Às vezes, no transcorrer do dia, paro e penso naquela música: devia ter trabalhado menos, ter visto o sol se pôr. Claro que a letra tem mais poesia e reflexão do que a apresentada por esse trecho, mas ele, por si só, renderia um romance para cada ser vivo desse planeta que labuta desde e desde, convicto de que trabalhar é a parte que lhe cabe nesse latifúndio.
Nasci em uma família que me apresentou o mito de Sísifo na tenra idade, associando a cansativa e diária tarefa de rolar a pedra com a essência de ser humano. Viemos ao mundo para trabalhar, dizia meu pai, e, com isso, teremos a certeza de, não só garantir a sobrevivência, mas de sermos felizes. O trabalho dignifica. Eu, inconscientemente, creditei meu voto na dignidade. Desconhecia a significância.
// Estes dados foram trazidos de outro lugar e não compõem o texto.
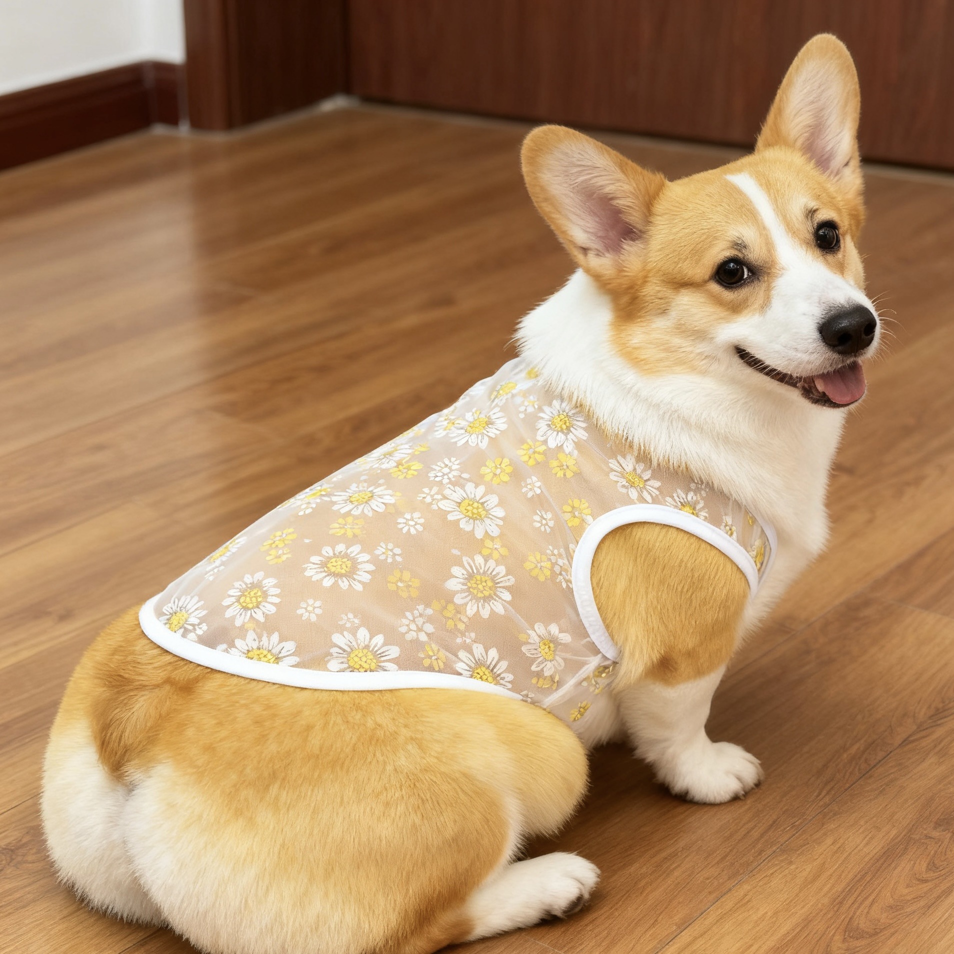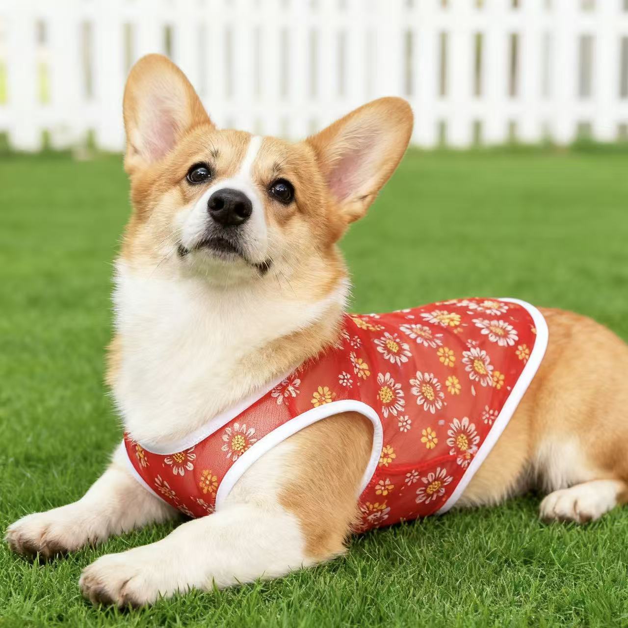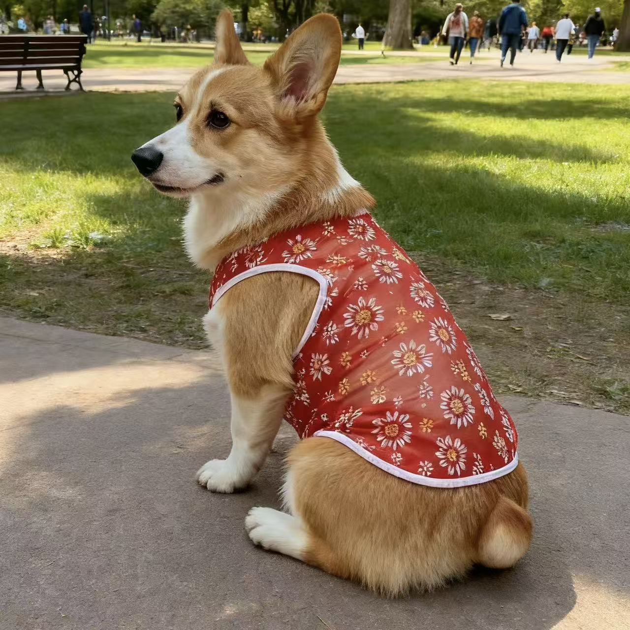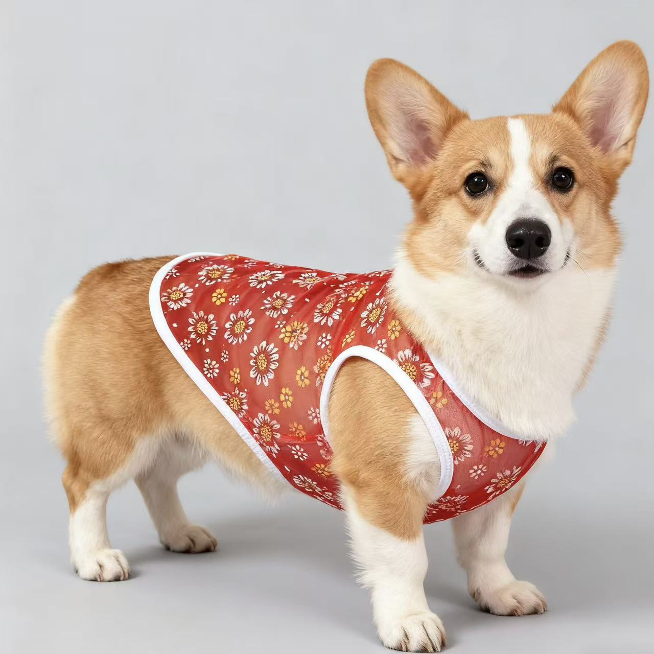 厂家出产小雏菊网纱狗狗背心,材质轻薄,穿上无负担,夏季网眼舒适透气,防晒、防掉毛,夏日出行居家必备,现货充足!

Vivi anos dessa breve existência, com a ideia de que não importa quanto tempo você dedica ao trabalho, contando que trabalhe e, se maior for a dedicação ao labor, melhor. Caso a diversão fique prejudicada por isso, não se incomode, pensava eu, pois só teria momentos de alegria se a garantia de ser produtiva estivesse assegurada. E, cotidianamente, rolava a pedra ladeira acima, horas a metro.
De fato, eram várias pedras, pois também integro a geração que colocou a ideia de Mulher Maravilha como nossa referência feminina. A pedra da profissional, a da mãe que dá conta de criar os filhos, a da dona de casa que resolve os problemas de encanamento até a escolha do carro da família, a daquela que quer ser saudável e atraente, então, vai para a academia, estuda e prepara cardápios lowcarb e orgânicos, arrasa na harmonia facial. E o pedregulho de achar tempo para viajar, não para se divertir, mas para adquirir e compartilhar conhecimentos, cultivar sabedoria.
Não poderia estar ausente na minha coleção de pedras e cascalhos, a da esperança equilibrista que cantarolava nas minhas costas que esse show precisaria continuar. E continuou, até que, o destino que rege nossas vidas, ao me estender a mão, levou-me a fazer a metade do Caminho de Compostela. Claro que fiz em duas etapas, pois as questões existenciais que acompanham a empreitada diária de empurrar pedras reivindicam um tempo para serem compreendidas e, quando possível, modificadas.
A cada manhã, o trajeto me proporcionava encantamento com detalhes, tais como flores, borboletas, joaninhas; balé das nuvens, árvores copadas com formas e cores de folhas diversas; pão e vinho caseiros. Fui assimilando que, para observar e vivenciar essas belezas, eu precisava de ócio, calma, menos exaustão. Foram duas semanas em que depositei, gradativamente, lascas de algumas das minhas pedras pelo caminho. Outras abandonei total.
Em suma, deixei minha mochila mais leve, com o entendimento de que, mesmo que por algum tempo ainda precisasse empurrá-las, por terem menos peso, haveria horas extras para soltar meu riso em algum lugar e, com quem por esse local estivesse.
Alguns anos já se passaram e, o dia a dia continuou requerendo a execução de trabalho. Mas diferente daquele em que, inicialmente, fui aprendiz, pois, a esse trabalho agreguei significado, prazer, alegria e outras pessoas. Me deleito com pequenas coisas e oportunidades que a vida oferece. Quem já não vestiu óculos coloridos e foi feliz, correndo em praças, com grãos aprisionados em suas mãos, atrás de pombas, pelo simples desejo de alimentá-las?
Eu já fiz isso, dando risadas. Com os tais óculos ou sem eles.